• **Exercise goal**
The required output is the lines from the one with "2025夏秋南油高端外贸多巴胺新款珍珠圆领条纹短袖羊毛针织衫上衣" through the end of the data, repeated verbatim, with no pictures included.

• **Recorded information**
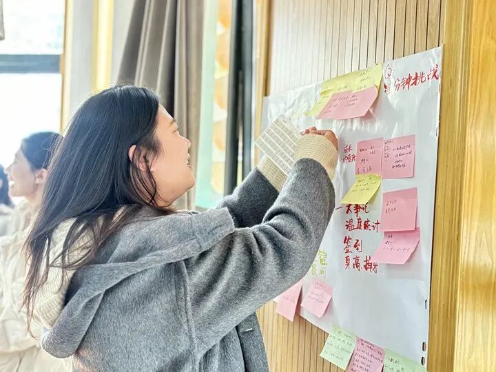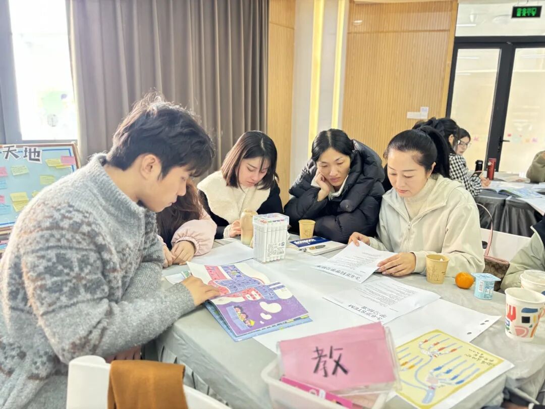 张丽老师带领老师们共读绘本《流动》,以流动的多元性展开体验式教研。各小组结合绘本灵感设计并展示STEM环境方案,参与者如同漫步艺术画廊,在彼此别出心裁的创意中激发思维碰撞。这种开放、互动的形式,不仅让灵感随“流动”主题自然生发,更让每位教师从被动听讲转变为主动共创,真正成为知识的建构者与分享者。
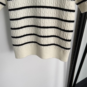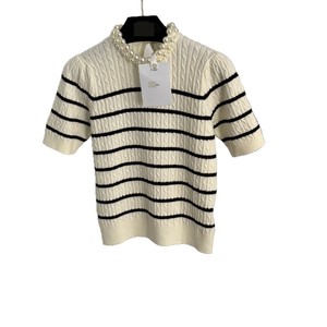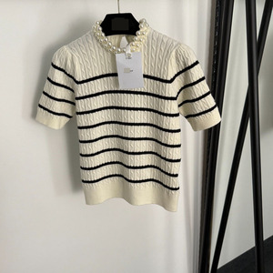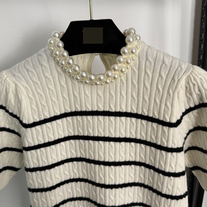 2025夏秋南油高端外贸多巴胺新款珍珠圆领条纹短袖羊毛针织衫上衣
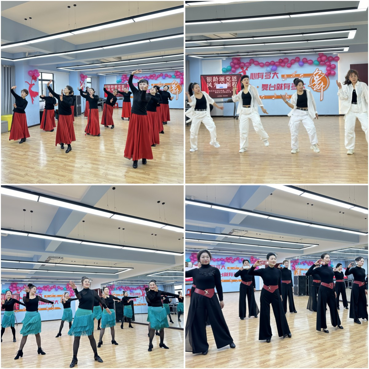 演出在喜气洋洋的《新年秧歌舞》中拉开帷幕,舞蹈班学员带来了舞蹈《歌唱祖国》,舞者们身姿矫健,步伐轻盈生动,她们富有活力的表演展现出老年人的热情与活力。

• **Answer to the exercise**
 2025夏秋南油高端外贸多巴胺新款珍珠圆领条纹短袖羊毛针织衫上衣
 演出在喜气洋洋的《新年秧歌舞》中拉开帷幕,舞蹈班学员带来了舞蹈《歌唱祖国》,舞者们身姿矫健,步伐轻盈生动,她们富有活力的表演展现出老年人的热情与活力。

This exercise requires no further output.